Allogeneic bone marrow transplantation.
Hypersensitivity to the active substance or the excipient. Hypersensitivity to homologous immunoglobulins, particularly in very rare cases of IgA deficiency where the patient has anti-IgA antibodies. Patients with hyperprolinemia. This is a very rare disease, which affects only a few families worldwide.
Certain severe side effects can be related to the infusion rate. The recommended infusion rate given in the prescribing information must be followed closely. Patients must be observed during and after the infusion and carefully monitored for symptoms of any kind.
See prescribing information for full details.
Adverse reactions such as chills, headache, dizziness, fever, vomiting, allergic reactions, nausea, arthralgia, low blood pressure and moderate low back pain may occur occasionally in connection with intravenous administration of human immunoglobulin.
Rarely human normal immunoglobulins may cause a sudden fall in blood pressure and, in isolated cases, anaphylactic shock, even when the patient has shown no hypersensitivity to previous administration.
Cases of reversible aseptic meningitis and rare cases of transient cutaneous reactions have been observed with human normal immunoglobulin.
Reversible haemolytic reactions have been observed in patients, especially those with non-0 blood groups in immunomodulatory treatment. Rarely, haemolytic anaemia requiring transfusion may develop after high dose IVIg treatment.
Increase in serum creatinine level and/or acute renal failure have been observed.
Very rarely: Transfusion related acute lung injury and thromboembolic reactions such as myocardial infarction, stroke, pulmonary embolism and deep vein thromboses.
See prescribing information for full details.
Live attenuated virus vaccines
Immunoglobulin administration may impair for a period of at least 6 weeks and up to 3 months the efficacy of live attenuated virus vaccines such as measles, rubella, mumps, and varicella.

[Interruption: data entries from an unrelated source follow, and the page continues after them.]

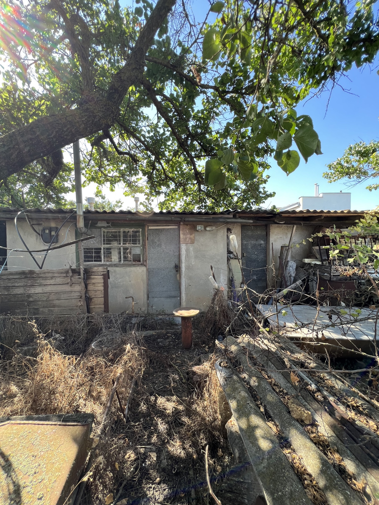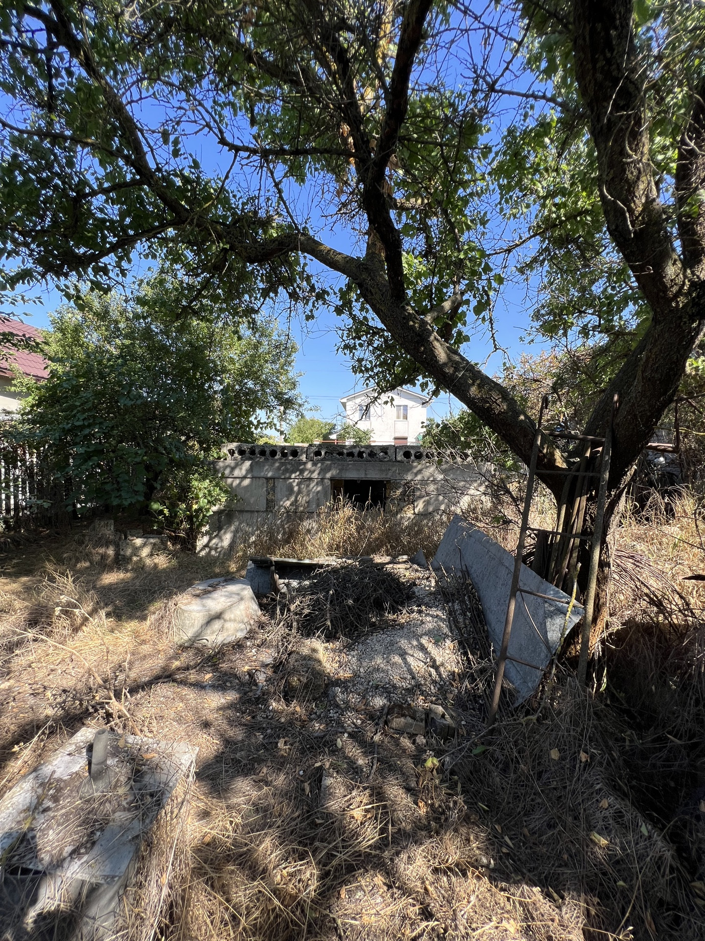 На территории участка есть недострой 9,3х7,3 (цoкoльный этaж), летняя кухня, душ, хоз. постройка, вагончик.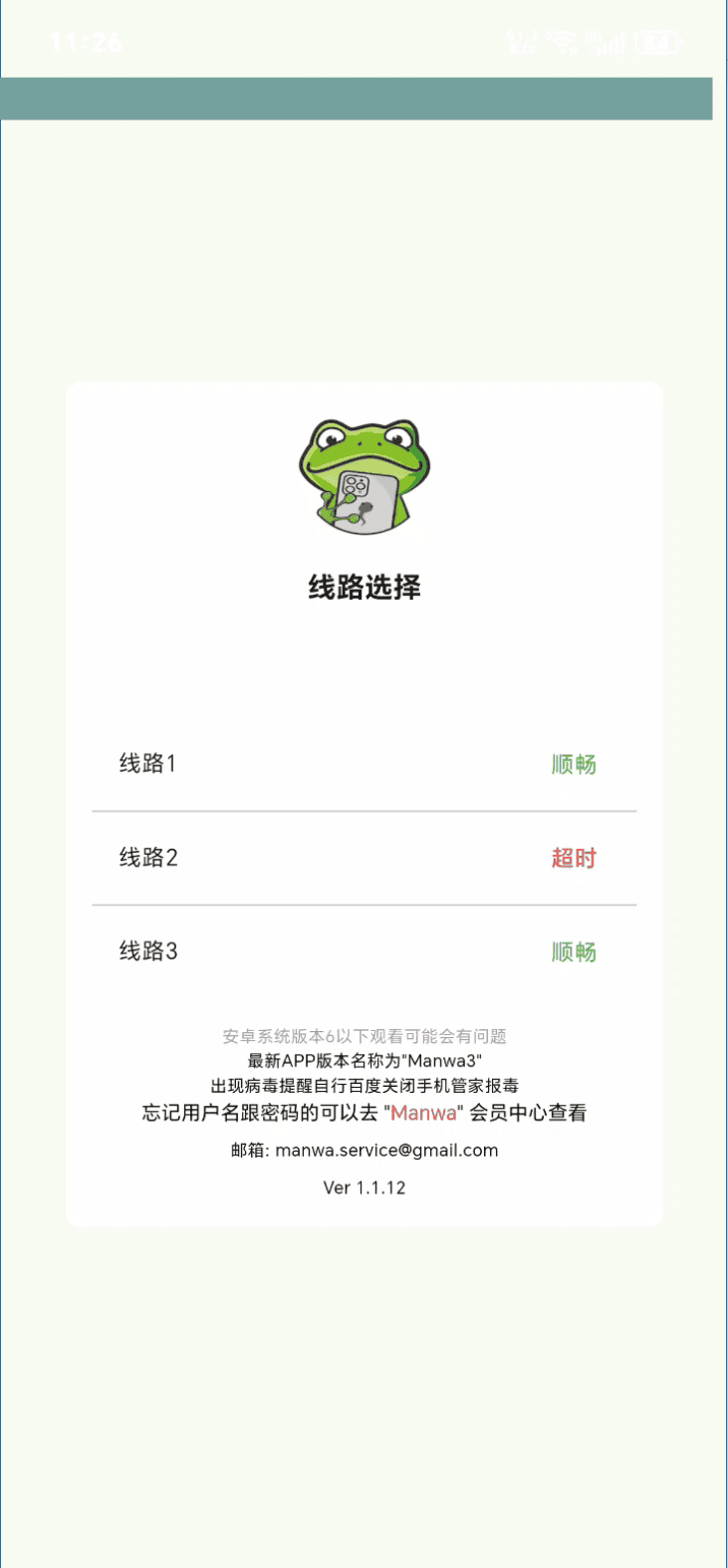 1、打开漫蛙3漫画,在“线路选择”页面,优先挑选状态显示为“顺畅”的线路,比如“线路1”,点击进入应用。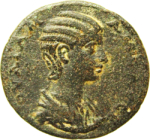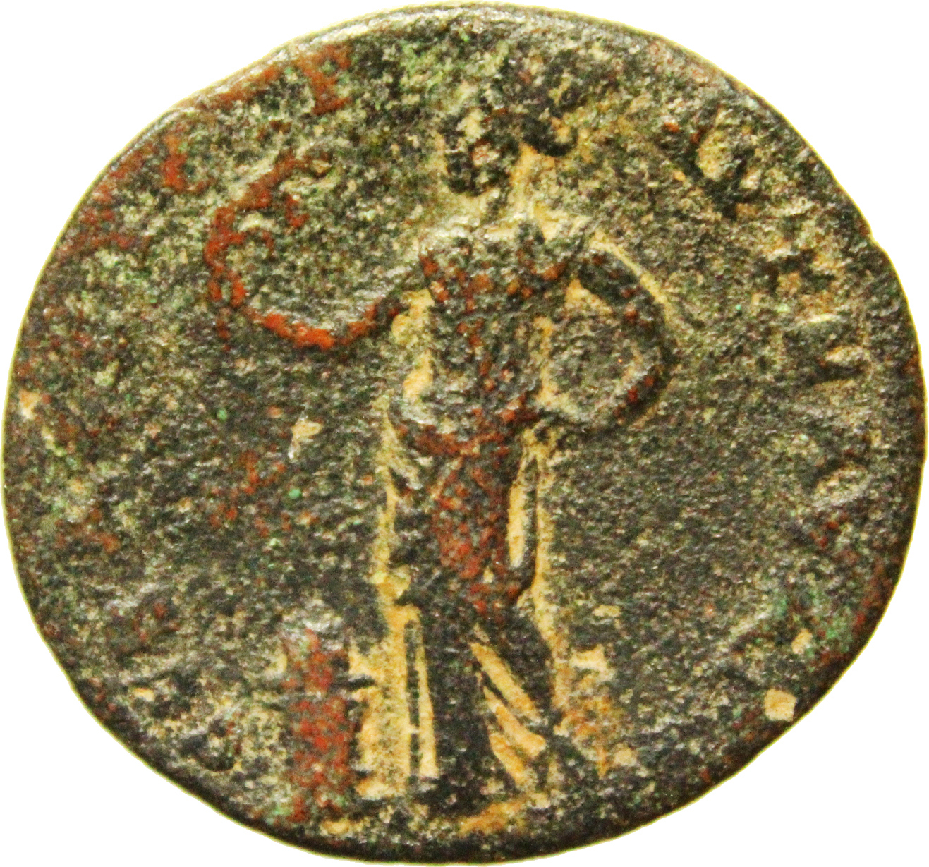 Tyche of the City(?) standing facing turreted, head left, holding aplustre(?) over lighted altar at her feet

After administration of this medicinal product, an interval of 3 months should elapse before vaccination with live attenuated virus vaccines. In the case of measles, this impairment may persist for up to 1 year.
Therefore, patients receiving measles vaccine should have their antibody status checked.
Paediatric population: Although limited data is available, it is expected that the same interactions may occur in the paediatric population.
Pregnancy and Lactation
Pregnancy: The safety of this medicinal product for use in human pregnancy has not been established in controlled clinical trials and therefore should only be given with caution to pregnant women and breast-feeding mothers. IVIg products have been shown to cross the placenta, increasingly during the third trimester. Clinical experience with immunoglobulins suggests that no harmful
effects on the course of pregnancy, or on the foetus and the neonate are to be expected.
Experimental studies of the excipient L-proline carried out in animals found no direct or indirect toxicity affecting pregnancy, embryonal or foetal development.
Lactation: Immunoglobulins are excreted into the milk and may contribute to protecting the neonate from pathogens which have a mucosal portal of entry.
Overdose may lead to fluid overload and hyperviscosity, particularly in patients at risk, including elderly patients or patients with cardiac or renal impairment.